The syndic of the Bar, alerted to the fact of this correspondence by the Chief Justice of the Superior Court, lodged a disciplinary complaint against Me Doré, accusing him of having contravened Section 2.03 of the Code of ethics of advocates(2) and Sections 59.2 and 152 of the Professional Code(3). The first provision establishes a lawyer’s obligation to behave in an objective, moderate and dignified manner, while the second two forbid the commission of acts that are derogatory to the honour and dignity of the profession. It must be noted however that Section 2.03 of the Code of ethics of advocates has, since the disciplinary complaint was lodged, been abridged. Section 2.00.01 of the same Code, differing very little from the former provision, has now replaced it.


Decisions of the lower courts

Appearing before the Québec Bar’s Disciplinary Committee(4), Me Doré argued that it was up to the syndic to prove that the remarks contained in his letter were false or exaggerated, since otherwise he could not be reproached for having uttered them, the more so because, according to him, a lawyer has the right to respond to a judge who addresses personal criticism to him. Me Doré also raised the point that a lawyer, as is the case for any citizen, benefits from the freedom of expression enshrined in the Canadian Charter of Rights and Freedoms(5) and that, in consequence, the legal provisions under which he was being prosecuted could not be interpreted in such a way as to deny him this right.


The Disciplinary Committee did not accept these arguments and sentenced Me Doré to a striking of 21 days(6). In doing so, the Committee noted that the defendant should have known that the insults contained in his letter, whether or not he wanted them to be private and made in his own name, were highly likely to become public considering the function occupied by the addressee. Besides, Me Doré could not seek to evade the obligations regulating the profession that he has freely chosen to pursue. The Committee considered that, should this incident go unpunished, it might signify that a lawyer may, by addressing reproaches and disagreeable comments to a judge, create a situation in which a judge might be obliged to recuse himself, which would almost be tantamount to “choosing one’s judge”.
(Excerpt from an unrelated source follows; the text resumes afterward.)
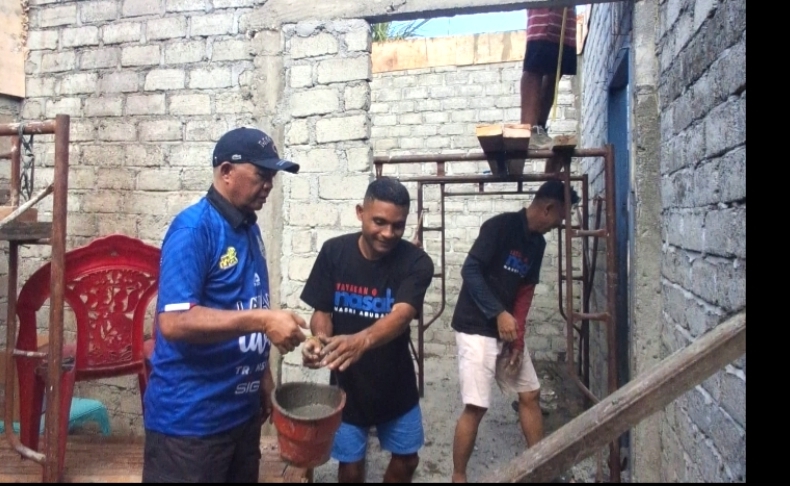 Wawali Nasri turun langsung ke Kelurahan Sasa, Kecamatan Ternate Selatan, bergotong royong bersama warga membangun kembali rumah milik Risno Danel, yang rusak akibat hujan deras disertai angin kencang beberapa waktu lalu.

This said, the Committee recognized the right of a lawyer to reply to unjustified criticism from a judge. However, in his capacity as an officer of the court, a lawyer is nevertheless obliged to remain respectful even in such circumstances. The Disciplinary Committee judged that these limits to freedom of expression are reasonable and can be justified with respect to the Canadian Charter of Rights and Freedoms.


One after another, the Professions Tribunal(7) and the Superior Court 8 have confirmed the decisions on conviction and penalty rendered by the Disciplinary Committee. Me Doré has carried out his sentence, but received authorization to appeal his case, where only one question remains in litigation: did the freedom of expression guaranteed by the Canadian Charter of Rights and Freedoms protect Me Doré when he sent his letter to Judge Boilard?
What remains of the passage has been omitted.